WebLogic Workshop で新しいポータルおよびポータル リソースを作成する場合は、定義ラベルとインスタンス ラベルをその時点で変更して、これらのリソースについて意味のある名前を作成することをお勧めします。Propagation Utility を使用して環境間で変更を伝播した後は、これらのリソース名を変更しないことが非常に重要です。Propagation Utility は、ソース システムと送り先システム間の差分を識別するために定義ラベルとインスタンス ラベルを使用します。これらのラベルを WebLogic Workshop または WebLogic Administration Portal で変更した場合は、矛盾が生じるおそれがあります。
アーティファクトは 1 つの環境でのみ作成します。両方の環境で変更した場合は、それらが同一の変更であっても、ユーティリティはそれらを同じ変更として識別できず、2 つの異なるリソースであるかのように伝播が行われます。
最上位レベルのスコープを選択して伝播すると、ソース環境が送り先環境に確実に反映されます。Web アプリケーションやデスクトップなどの下位レベルにスコープを設定した場合は、本質的にはソースと送り先が異なる状態になります。この場合は、送り先で追加の品質保証テストが必要になることがあります。

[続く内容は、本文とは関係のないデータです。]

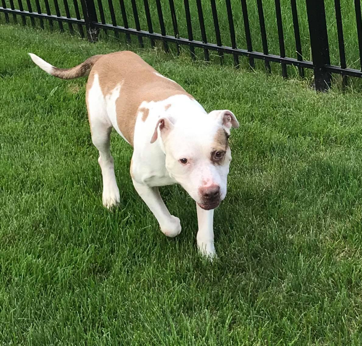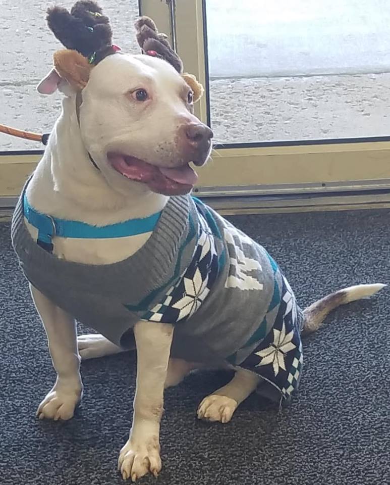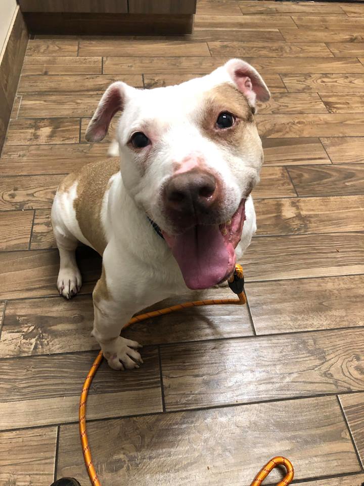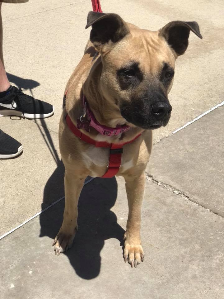 Marcus was adopted out at 4 months but returned by the time he turned 7 months by the family. He had a lot to overcome at that point and has put in the work. He is no longer the frightened puppy and is an outgoing fun loving dog.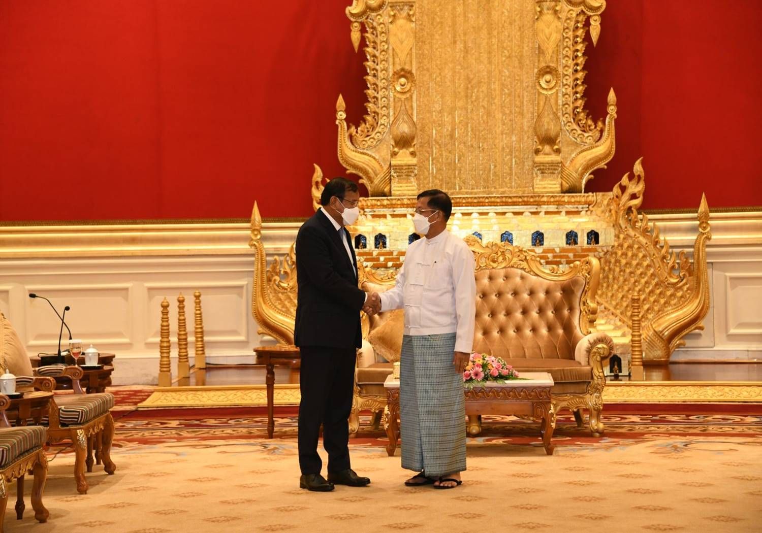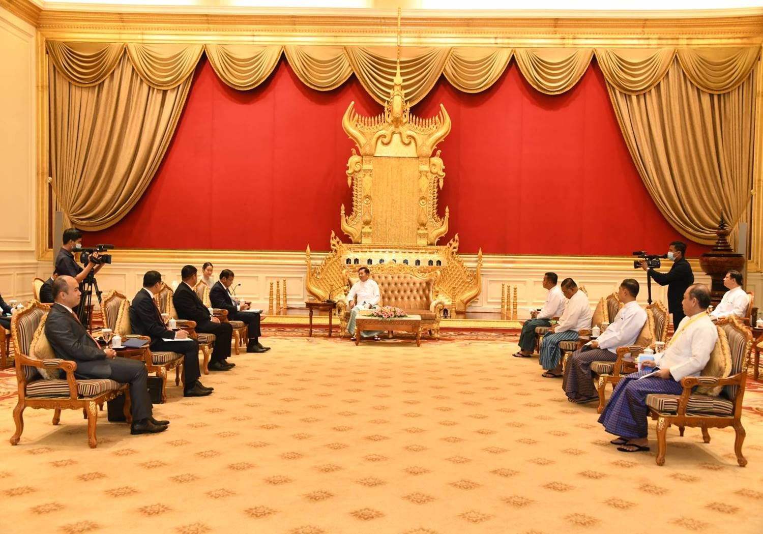 နိုင်ငံတော်စီမံအုပ်ချုပ်ရေးကောင်စီဥက္ကဋ္ဌ နိုင်ငံတော်ဝန်ကြီးချုပ် ဗိုလ်ချုပ်မှူးကြီး မင်းအောင်လှိုင် အာဆီယံအလှည့်ကျဥက္ကဋ္ဌ၏ မြန်မာနိုင်ငံဆိုင်ရာအထူးကိုယ်စားလှယ် ကမ္ဘောဒီးယားနိုင်ငံ ဒုတိယဝန်ကြီးချုပ်၊ နိုင်ငံခြားရေးနှင့် အပြည်ပြည်ဆိုင်ရာပူးပေါင်း ဆောင်ရွက်ရေးဝန်ကြီး H.E. Mr. Prak Sokhonn ကို ယနေ့မွန်းလွဲ ၂ နာရီတွင် နေပြည်တော်ရှိ နိုင်ငံတော်စီမံအုပ်ချုပ်ရေးကောင်စီဥက္ကဋ္ဌရုံး၊ သံတမန်ဆောင်ဧည့်ခန်းမ၌ လက်ခံတွေ့ဆုံသည်။

伝播のスコープは限定できますが、より狭いスコープでの変更が上位レベルで行われた変更に依存している場合は、上位レベルの変更を実装することが必要になる場合があります。たとえば、ライブラリ内の資産に依存するデスクトップを伝播し、これらのライブラリ資産に変更が行われた場合、スコープをデスクトップ レベルに設定した場合でも、Propagation Utility によって他のデスクトップが変更される場合があります。ポータル リソース間の関係の詳細については、「スコープとライブラリの継承」を参照してください。